The typical transmitter output circuit as shown in FIG. 3 has an input for a reference current, I.sub.REF at 11. The reference current can be supplied in any number of well-known ways. In this example the current source is connected in series with a voltage clamp consisting of the operational amplifier 18 and the p-channel transistor Q5. The circuit itself consists of two transistor pairs, the first consisting of Q1 and Q3 in a pull-up, pull-down arrangement that is well known, and the second consisting of Q2 and Q4 in the same arrangement.
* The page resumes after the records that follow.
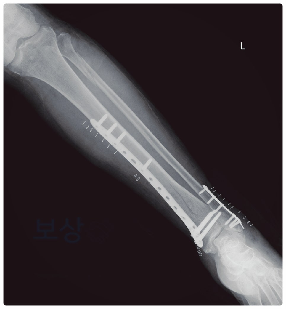 좌측 경골 원위 간부 분쇄골절 [S8250] 비골 원위부 골절 [S82430]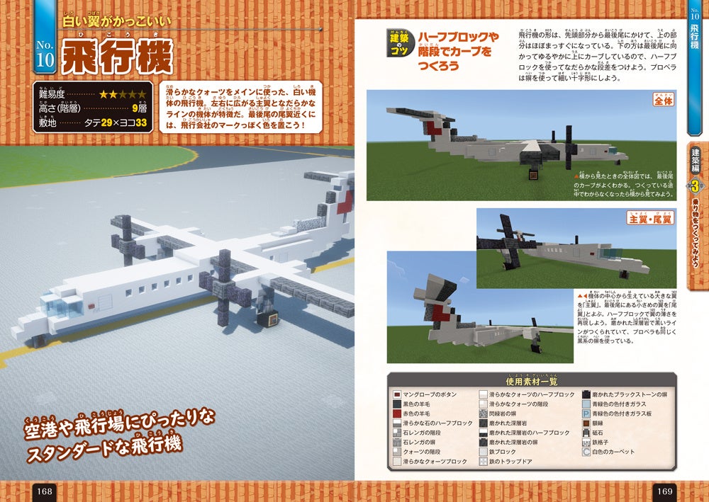 本書は、YouTubeなどで活躍する人気クラフターが手掛けた「現代的な建物&のりもの」を多数収録。それらを「家」「ビル」「のりもの」の3つに分類して、11種類の建築物を紹介しています。すべての建物が、1層ごとのマス目状の用紙に必要な素材とその置き方をアイコンで表した設計図付きです。設計図ではブロックを置く向きまでわかるほか、難しいポイントは実際のゲーム画面を添えてフォローしています。本章のやり方を真似るだけで、大きな建築物も迷うことなく組み立てられます。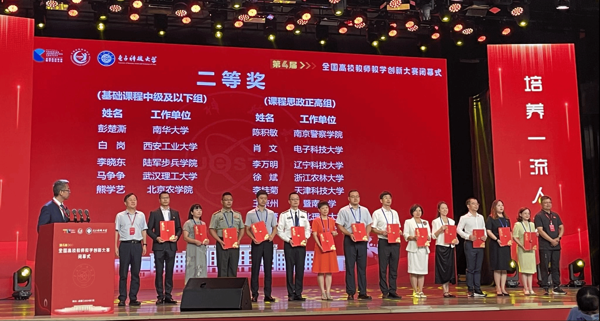 7月27日-31日,由教育部高等教育司指导、中国高等教育学会主办的第四届全国高校教师教学创新大赛总决赛在电子科技大学举办。全国32个赛区,483门课程的1779名教师入围国赛现场赛。由公司青年思政课教师熊学艺牵头,朱丽雅、王建利、刘海燕老师组成的《习近平新时代中国特色社会主义思想概论》课程团队斩获基础课程赛道中级及以下组全国二等奖,实现公司教师在国家级教学比赛中的新突破。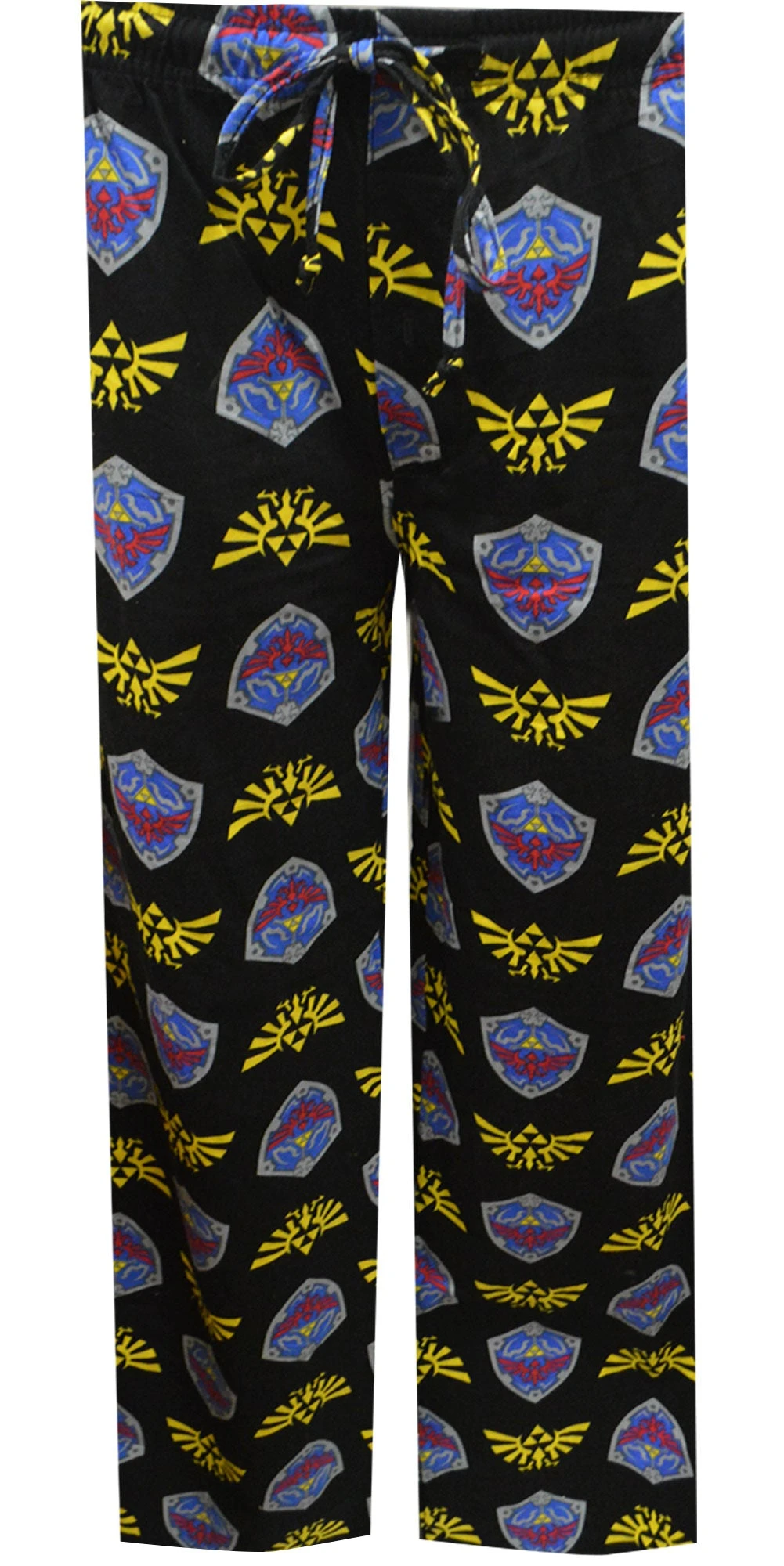 These are so cool! These lounge pants for men feature classic images of Nintendo’s The Legend of Zelda game. These pajama pants are machine washable with a drawstring tie, covered elastic waistband, and side pockets. Pants are 100% cotton, machine wash.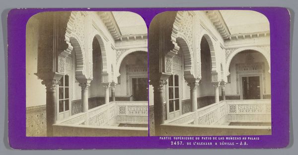 Editor: This stereoscopic photograph, "Gezicht op de Patio de las Muñecas en de Salón de Embajadores in het Alcazar in Sevilla" by Jean Andrieu, dated between 1862 and 1876, presents this intricate architecture in such detail. It feels like looking into a dollhouse, or maybe a stage set, something unreal. What captures your attention most about this image? Curator: What's immediately striking is how this photograph presents Islamic architecture to a Western audience in the 19th century. Think about the role of photography at that time – it’s a tool for documentation, certainly, but also for shaping perceptions. Consider how Andrieu chooses to frame this space: is he emphasizing the "exotic" otherness of the Alcazar, or is there a respectful attempt to capture its beauty? How might this image have influenced the understanding, or misunderstanding, of Islamic art and culture in Europe? Editor: I hadn't considered that aspect. I was more focused on the purely visual – the receding arches and geometric patterns. But now that you mention it, the way it’s presented does seem… curated for a specific gaze. Curator: Exactly! And that gaze isn't neutral. Photography in this era participated in colonial projects by visually "possessing" and categorizing the world. It's interesting to consider the power dynamics at play, who gets to look, and what narratives are being constructed through these images. Editor: So, even a seemingly objective image like this is embedded within a particular social and political context? It makes me wonder about the other ways the Alcazar was represented and consumed by Europeans at the time. Curator: Precisely. It serves as a reminder that art and visual culture aren't isolated entities; they are actively shaping, and being shaped by, the world around them. Considering that public role that this photography plays is important in how we approach and try to learn from its impact. Editor: This has given me a whole new perspective on how to interpret photographs of historical architecture! Curator: Glad to hear it, questioning how imagery functions politically and socially allows one to see the past in richer depth.

The circuit is driven by the control logic 101 of FIG. 1 with a control signal A and its compliment AN. The output terminals 14 drive the transformer 13 of FIG. 3. In the usual arrangement, the pull-up and pull-down transistors are the normally-off, n-channel p-well type fabricated on an n type substrate. As is well known in the art, the well terminal of each transistor must be tied to a low potential in order to ensure that the well remains at a lower voltage than the drain so that current can flow when the transistor turns on. In practice, the well terminal of the transistor is usually tied to the source as with the connections 12 of FIG. 3. To ensure the well-to-substrate junction does not become forward biased, the substrate is normally tied to V.sub.DD. A cross section of a transistor 20 showing fabrication detail and these connections is shown in FIG. 4. Because of this arrangement, when power is cut off from the chip and V.sub.DD goes to 0 volts, voltage on the input/output terminals causes the well-to-substrate junction of the pull-up transistors to be forward biased, and so the transmitter draws current from the network in excess of the specification.
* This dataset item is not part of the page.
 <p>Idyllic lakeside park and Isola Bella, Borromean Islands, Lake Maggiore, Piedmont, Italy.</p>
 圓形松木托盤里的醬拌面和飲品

In order to solve similar problems, over-voltage and over-current protection schemes used in other types of networks where single-port transceivers are employed have often involved mechanical relays, as is the case for the circuit disclosed in U.S. Pat. No. 4,709,296 to Hung et al. Such relays take up space outside the transceiver chip and have low reliability. Solid state protection circuits have been developed to replace the relay, but until now such circuits have been fairly complex and have had too many components to allow easy integration onto the transceiver chip. Such a solid state protection circuit is disclosed in U.S. Pat. No. 5,142,429 to Jaki.
What is needed is a powered-down protection scheme that would require only a very simple circuit with few components in addition to those already present in a typical transceiver design. Such a scheme would allow the protection circuitry to be easily integrated onto the transceiver chip so that single-port transceivers can be used with ISDN networks.